_Excerpted data_

=== Begin Enclosure ===

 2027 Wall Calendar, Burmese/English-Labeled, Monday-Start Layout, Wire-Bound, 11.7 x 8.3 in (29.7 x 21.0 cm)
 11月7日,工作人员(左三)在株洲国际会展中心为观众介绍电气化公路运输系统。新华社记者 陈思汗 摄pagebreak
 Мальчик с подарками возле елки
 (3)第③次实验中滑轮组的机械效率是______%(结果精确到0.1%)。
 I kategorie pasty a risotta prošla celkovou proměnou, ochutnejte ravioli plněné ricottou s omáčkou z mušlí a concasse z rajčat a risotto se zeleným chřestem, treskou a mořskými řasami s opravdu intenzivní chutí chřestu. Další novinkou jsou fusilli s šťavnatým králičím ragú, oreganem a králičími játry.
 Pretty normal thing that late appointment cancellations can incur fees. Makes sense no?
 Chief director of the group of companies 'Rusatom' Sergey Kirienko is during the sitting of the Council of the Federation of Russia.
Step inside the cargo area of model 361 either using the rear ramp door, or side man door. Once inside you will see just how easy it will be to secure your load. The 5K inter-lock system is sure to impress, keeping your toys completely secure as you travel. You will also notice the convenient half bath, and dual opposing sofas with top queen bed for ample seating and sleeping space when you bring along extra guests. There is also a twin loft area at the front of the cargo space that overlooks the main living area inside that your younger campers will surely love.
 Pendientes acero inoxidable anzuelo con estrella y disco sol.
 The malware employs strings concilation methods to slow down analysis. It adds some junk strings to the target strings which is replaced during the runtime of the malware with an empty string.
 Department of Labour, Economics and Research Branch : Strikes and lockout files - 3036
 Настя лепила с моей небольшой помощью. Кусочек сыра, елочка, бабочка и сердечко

=== End Enclosure ===

_Work order_
Collect every line above that contains the word "during".

_Problem solution_
 Chief director of the group of companies 'Rusatom' Sergey Kirienko is during the sitting of the Council of the Federation of Russia.
 The malware employs strings concilation methods to slow down analysis. It adds some junk strings to the target strings which is replaced during the runtime of the malware with an empty string.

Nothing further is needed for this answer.